Binary search tree are organized:
BST node: key = k*
/ \
Tleft Tright
k≤k* k*≤k
Lets call k* the pivot. The text does not use this terminology, I have made it up for now. The pivot organizes the key below the node by keys less than or greater then the pivot value. For a binary tree each node has only one pivot because there are only two sub-trees.
Multi-way search trees have 2 or more children and store entries = (k, x), key and value pair.
v is a node of an ordered tree.
v is a d-node
if v has d children
The ordered tree, T, is a multi-way search tree iff
All internal nodes v are d-node with d ≥ 2
Each d-node v of T with children v1, v2, ... vd stores d-1 items (k1, x1), (k2, x2), ..., (kd-1, xd-1), where k1 ≤ k2 ≤...≤ kd-1. Note one less entry then children.
Let k0 = -inf and kd = inf then for each entry stored in the subtree of the d-node v rooted at vi, i=1,...,d; ki-1≤ k ≤ ki. Note this is just the generalization of the binary search tree ordering to multi-way trees. See below.

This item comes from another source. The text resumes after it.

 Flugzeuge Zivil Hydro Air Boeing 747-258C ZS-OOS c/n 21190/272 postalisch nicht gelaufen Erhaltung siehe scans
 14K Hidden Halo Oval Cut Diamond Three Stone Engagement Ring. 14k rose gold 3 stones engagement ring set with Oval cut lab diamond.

If we continue to call the keys stored at a node of a multi-way tree pivots, then the search tree can still be organized by the pivots:
d-Node: keys: k1 ≤ k2 ≤ k3 ≤... ≤ kd-1
/ | | \
T1 T2 ... Td-1 Td
k≤k1 k≤k2 k≤kd-1 kd-1≤k
We see that the number of sub-trees, children, of a node is one more then the degree of the node, the number of pivots, entries, of the node.

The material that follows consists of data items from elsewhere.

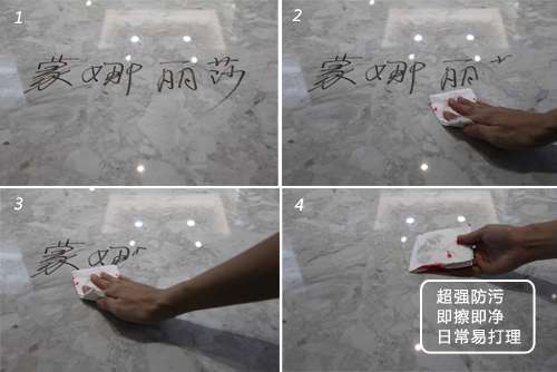 對(duì)于瓷磚來說,每天都會(huì)接觸各式各樣的灰塵和雜漬,如果抗污性差,必定對(duì)日常的保養(yǎng)與清潔產(chǎn)生極高難度,同時(shí)也會(huì)影響用戶的使用效果與使用體驗(yàn)。小編通過用油性筆往瓷磚磚面上寫字的方法測試發(fā)現(xiàn),只需用紙巾輕輕擦拭就能將字跡輕松地處理干凈,完全不需要任何洗滌劑,可見這款產(chǎn)品的防污性好。
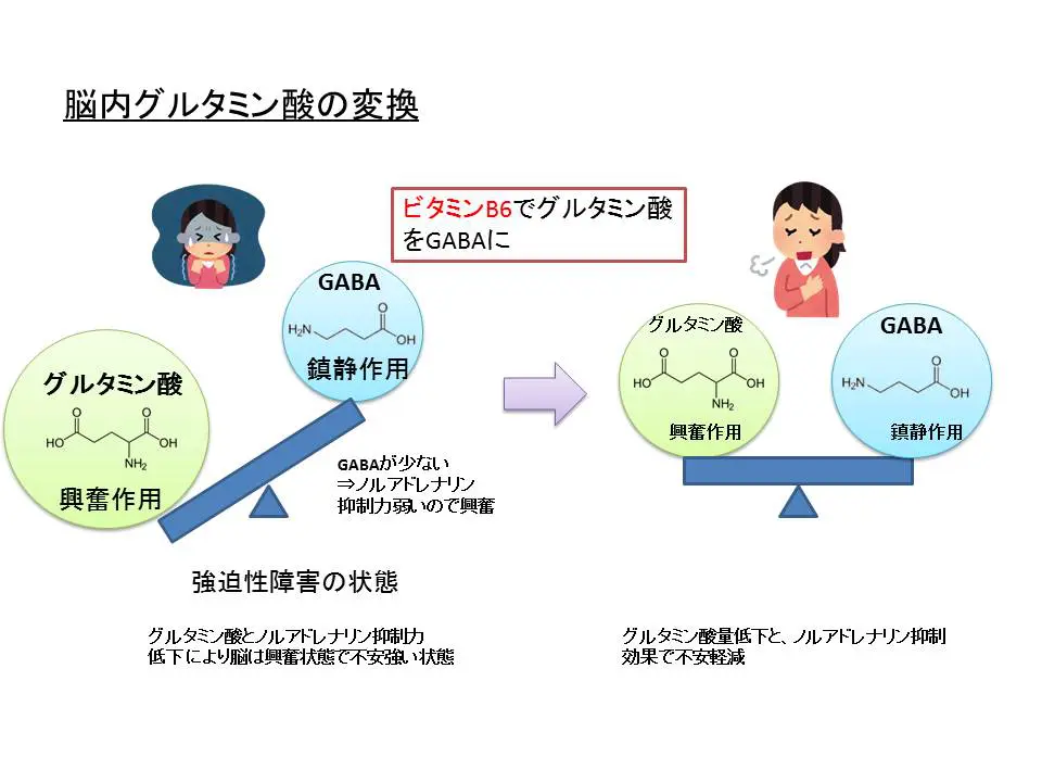 強迫性障害のある人では、脳内のグルタミン酸がGABAより優位になっている傾向が指摘されており、その背景の一つとして、ビタミンB6不足によりGABAへの変換が十分に進まない可能性が考えられています。
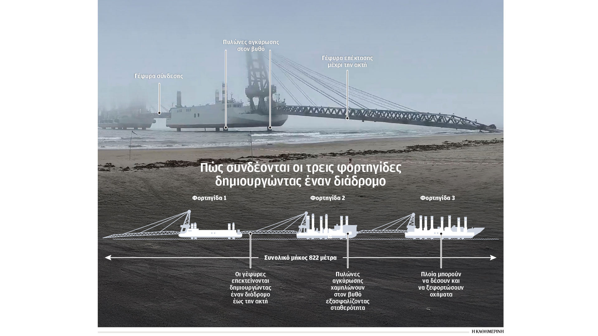 Η δυτική ακτογραμμή της Ταϊβάν που κοιτάζει προς την κινεζική ενδοχώρα έχει λίγες παραλίες και λιμάνια, τα οποία φυλάσσονται καλά. Ομως η γέφυρα από φορτηγίδες, ειδικά αν επιμηκυνθεί, θα μπορούσε να επιτρέψει στην Κίνα να οδηγήσει τον στρατό της σε μέρη που είναι πιο δύσβατα αλλά και πιο δύσκολο να φυλαχθούν.
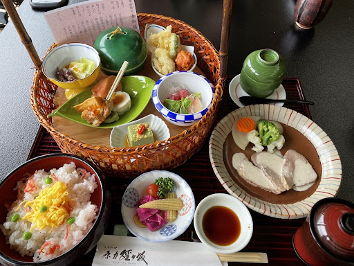 Read moreこの日は愛猫と一緒に益子の森にお散歩に来たので、ランチも一緒にしたくて電話で愛猫とテラス席でお食事出来るか予約しました。電話の応対もらとても良く、テラス席を予約して行きました。テラス席も他の方もいましたが離れてるので、愛猫も落ち着いて一緒に食事を楽しみました。まずは惣誉のぬる燗をちびちびと! 春の季節限定御膳と竹かご弁当をお願いしました。 春のお膳はホタルイカのかき揚げや筍の煮物等、竹かご弁当はアジフライがついてました。アジフライは揚げたてサクサクでめっちゃうまー!春のお膳のかき揚げは残念ながら冷たい、煮物も冷えてるので熱々だったら星5なんだけどなー!でも接客は最高!我が家は味もだけど、接客が1番重視なので、その点では星5つかな。 担当の方は素晴らしい! 本当に気持ちよくお食事出来...
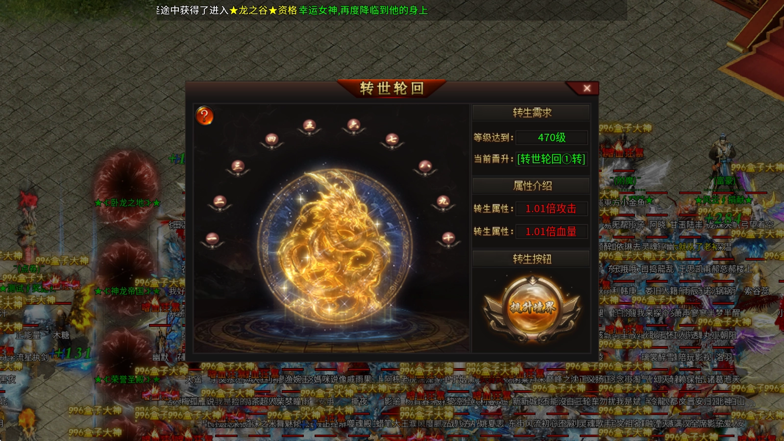 转世轮回:等级到达470级之后即可进行转生,提升攻击和血量属性,并且属性将永久继承到人物身上。
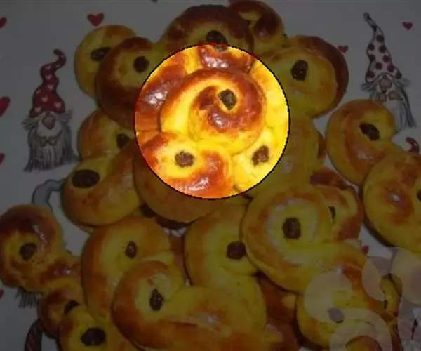 ③将冷却了的小麦草混合物倒入已备好的圆模面团中,以200℃烘30分钟即成。

Again external nodes are place holders and can be programed away.
Proposition
A multi-way tree storing n entries
has n + 1 external nodes.
This is just like for binary trees.
At each internal node a multi-way search tree, T, with v at each internal node of T. The entries stored at an node may be contained in a:
List
Sequence
Tree
etc.
It is a good idea for the container ot be an ordered dictionary. The multi-way tree is a compound data type, divided into primary and secondary data structure. In this case a dictionary of dictionaries.
We store at d-node v of T the items (k1, x1, v1), (k2, x2, v2), ... , (kd-1, xd-1, vd-1), (inf, null, vd). This gives us access to the children. Note that vi is a reference to the sub-tree root node.
Searching for key, k, in search tree T we process a d-node v.
We find the smallest key among the d keys stored at v such that ki ≥ k.
if k < ki then continue the search in the dictionary of vi.
else k = ki then the search terminates.
The space requirement is O(n).
The time spent searching is dependent on the secondary structure. Say the primary structure, the multi-way tree, has height h. Say dmax is the maximum d-node size. If the secondary structure is ordered structure then the search through the secondary structure is O(lg dmax) and the total search is O(h lg dmax). If the secondary structure is unordered dictionary then the search through the secondary structure is O(dmax) and the total search is O(h dmax).